La fantasia di Collodi è diventata realtà.

E, non a caso in quel di Faenza, patria della ceramica, qui oggetto delle ricerche dell’Istituto di Scienze e Tecnologia dei Materiali di cui fa parte il team guidato da Anna Tampieri. A loro si deve l’intuizione che ha reso possibile un grande sviluppo tecnologico: trasformare, con un processo chimico, un tronco di rattan (legno orientale molto flessibile e che non si scheggia) in un osso quasi vero. Anzi, proprio vero, al punto da essere accettato dall’organismo – oggi di una pecora, presto di un essere umano – come una parte naturale del corpo, permettendo così di sanare le conseguenze di gravi traumi o di un tumore osseo. Un successo scientifico che, naturalmente, non ha a che fare con alcuna Fata Turchina, ma è il risultato di un’avventura scientifica affascinante, che non solo promuove la ricerca italiana, cui la genialità non ha mai fatto difetto, ma è stata accompagnata, come capita troppo di rado, dalla creazione di basi finanziarie e di governance per dare un futuro industriale alla business idea con un obiettivo preciso: dar vita nel tempo a una partnership produttiva e commerciale con un Big delle scienze della vita. Ma guardiamo un po’ più da vicino l’attività di GreenBone Ortho, la startup che ha sviluppato le soluzioni innovative ad alta tecnologia per curare gravi patologie ossee. Un progetto che ha raccolto il forte interesse di importanti realtà come SIR (Sviluppo Imprese Romagna), IAG (Italian Angels for Growth) e altri investitori nazionali ed esteri, dediti al sostegno economico della neo-imprenditorialità. “Tutto è cominciato con il classico uovo di Colombo” dice il CEO Lorenzo Pradella. “Possiamo definire così” prosegue Pradella “l’intuizione che, nel 2006, ha spinto la squadra della dottoressa Tampieri a partecipare a un concorso europeo, con l’obiettivo di individuare in natura materiali non solo biocompatibili ma anche più adatti ed efficaci a dialogare con l’organismo.” Esiste qualcosa di simile, in natura, al  comportamento di un osso? Assolutamente sì, è stato il punto di partenza.

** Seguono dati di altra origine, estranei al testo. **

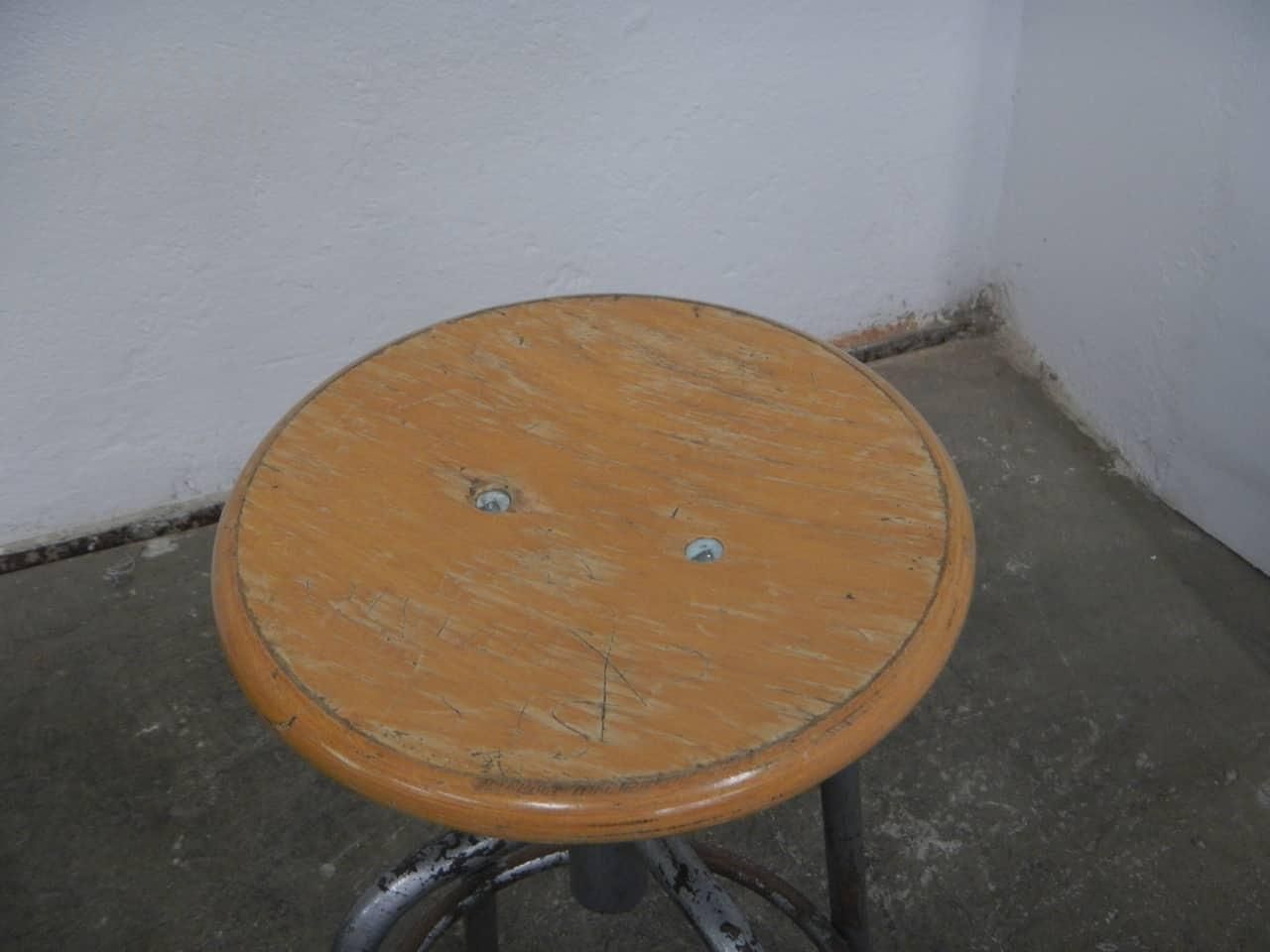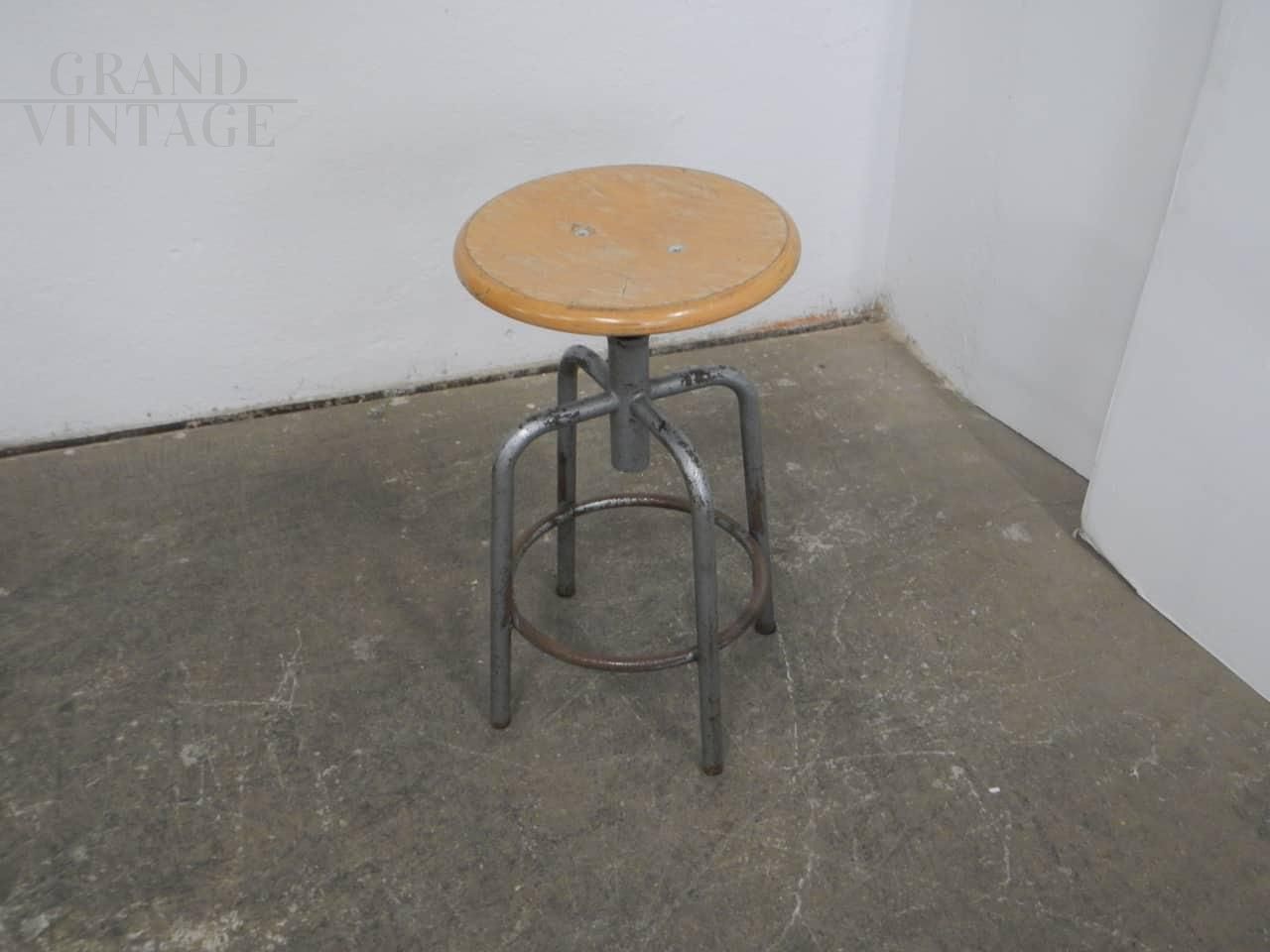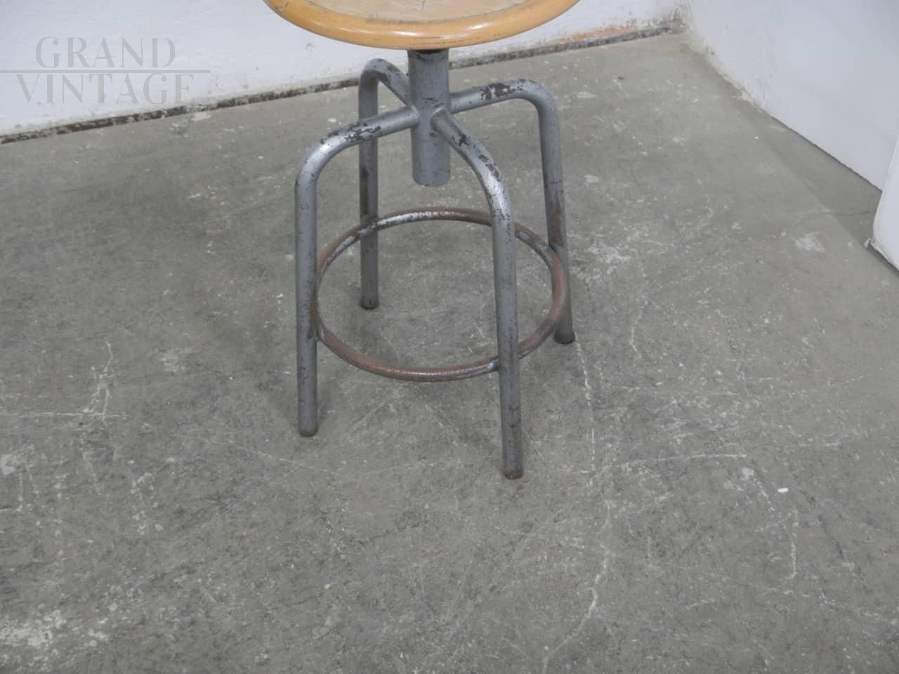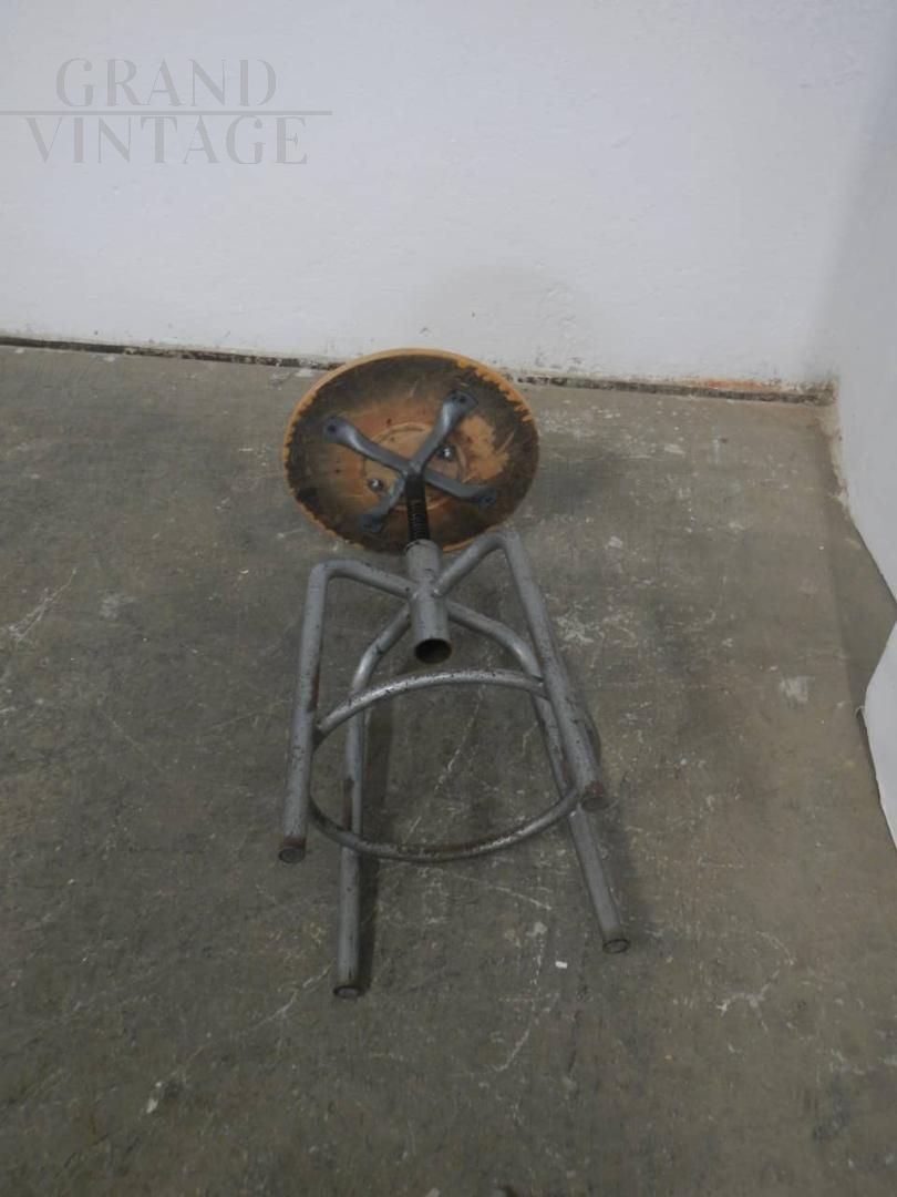 Sgabello vintage industriale girevole e regolabile con 4 piedi, la struttura è in ferro grigio e la seduta rotonda è in legno di faggio. Regolabile in altezza da 56 a 63 cm, presenta i naturali segni del tempo. La vite senza fine di regolazione altezza è usurata, questo comporta una lieve oscillazione della seduta.

«Una pianta ed un femore svolgono in sostanza la stessa funzione: portano un peso e fanno passare dei vasi. Vasi linfatici in una pianta, vasi sanguigni nel corpo umano».

E se si parte dal principio che la natura è conservativa e molto spesso, come conferma l’occhio del nautilus, dà risposte simili a problemi analoghi, l’incognita era individuare in natura tipologie di legno con strutture simili, o molto simili, a quelle dell’osso. Messa così sembra semplice. In realtà, dietro l’intuizione c’è un know-how avanzato, profondo, ovvero “l’expertise del centro, un’eccellenza internazionale nella ricerca in ceramica, che ha consentito di sviluppare una tecnologia di prodotto e di processo, entrambi coperti da brevetti internazionali, che rende possibile prendere il legno, dargli la forma voluta e trasformarlo chimicamente senza perdere la sua struttura biologica fondamentale una volta che viene innestato nell’organismo”. Il primo passaggio consiste nell’esposizione del legno sagomato a temperature elevate in assenza di ossigeno, in modo da rimuovere la componente biologica lasciando la stessa struttura in carbonio. Il telaio di carbonio diventa così la base delle trasformazioni successive, sei in tutto. Il processo parte dal legno, di colore marrone, che viene virato in un composto bianco: il legno originale viene infatti trasformato in calcio fosfato, che sarà riconosciuto dall’organismo come una porzione ossea vera, da inserire in un turnover biologico naturale in cui la base di rattan viene metabolizzata, riassorbita e sostituita con nuovo osso che si va a formare.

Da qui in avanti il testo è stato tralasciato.